Le comunità di credenti sono presenti in tutte le società, espressione della dimensione religiosa della persona umana. I credenti si aspettano dunque legittimamente di poter partecipare al dibattito pubblico. Purtroppo bisogna osservare che non è sempre così. In alcuni Paesi europei siamo testimoni, in questi ultimi tempi, di un atteggiamento che potrebbe mettere in pericolo il rispetto effettivo della libertà di religione. Se tutti sono d’accordo di rispettare il sentimento religioso degli individui, non si può dire altrettanto per il “fatto religioso”, vale a dire per la dimensione sociale delle religioni, dimenticando in questo gli impegni assunti nel quadro di quella che allora si chiamava la “Conferenza sulla Cooperazione e la Sicurezza in Europa”. Spesso viene invocato il principio della laicità, di per sé legittimo, se viene inteso come distinzione tra la comunità politica e le religioni (cfr.

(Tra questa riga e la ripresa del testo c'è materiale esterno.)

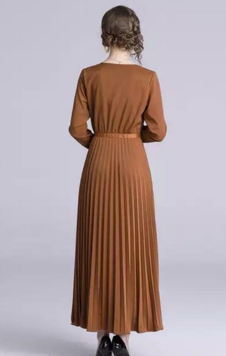 プリーツ切り替えワンピース エレガント ドレス 長袖 Vネック フォーマル Aライン プリーツ マキシ丈 結婚式 パーティドレス 大きいサイズ | 韓国アパレル 通販サイト ネットショップ amour
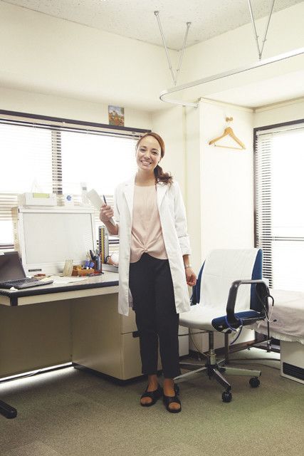 診察時は、いつもパンツスタイルです。白衣の下にすっきり収まるシルエットの服を着ることが多いですね。診察に集中したいので、髪の毛もキリッとまとめています。テレビ番組に出演するときは、カラフルな柄物のワンピース&巻き髪が多いので、イメージがちょっと違うかもしれませんね。

Gaudium et spes, n. 76). Tuttavia, distinzione non vuol dire ignoranza! La laicità non è laicismo! Essa non è altro che il rispetto di tutte le credenze da parte dello Stato, che assicura il libero esercizio delle attività di culto, spirituali, culturali e caritative delle comunità dei credenti. In una società pluralista, la laicità è un luogo di comunicazione tra le diverse tradizioni spirituali e la nazione. I rapporti tra Chiesa e Stato, al contrario, possono e devono dar luogo a un dialogo rispettoso, portatore di esperienze e di valori fecondi per il futuro di una nazione. Un sano dialogo tra lo Stato e le Chiese — che non sono concorrenti ma interlocutori — può, senza alcun dubbio, favorire lo sviluppo integrale della persona umana e l’armonia della società.
La difficoltà di accettare il fatto religioso nello spazio pubblico si è manifestata in modo emblematico in occasione del recente dibattito sulle radici cristiane dell’Europa. Alcuni hanno riletto la storia attraverso il prisma delle ideologie riduttrici, dimenticando ciò che il cristianesimo ha apportato alla cultura e alle istituzioni del continente: la dignità della persona umana, la libertà, il senso dell’universale, la scuola e l’Università, le opere di solidarietà. Senza sottovalutare le altre tradizioni religiose, resta il fatto che l’Europa si è affermata nel tempo stesso in cui veniva evangelizzata. E, in tutta giustizia, bisogna ricordare che, solo poco tempo fa, i cristiani, promuovendo la libertà e i diritti dell’uomo, hanno contribuito alla trasformazione pacifica dei regimi autoritari, nonché al ripristino della democrazia nell’Europa centrale e orientale.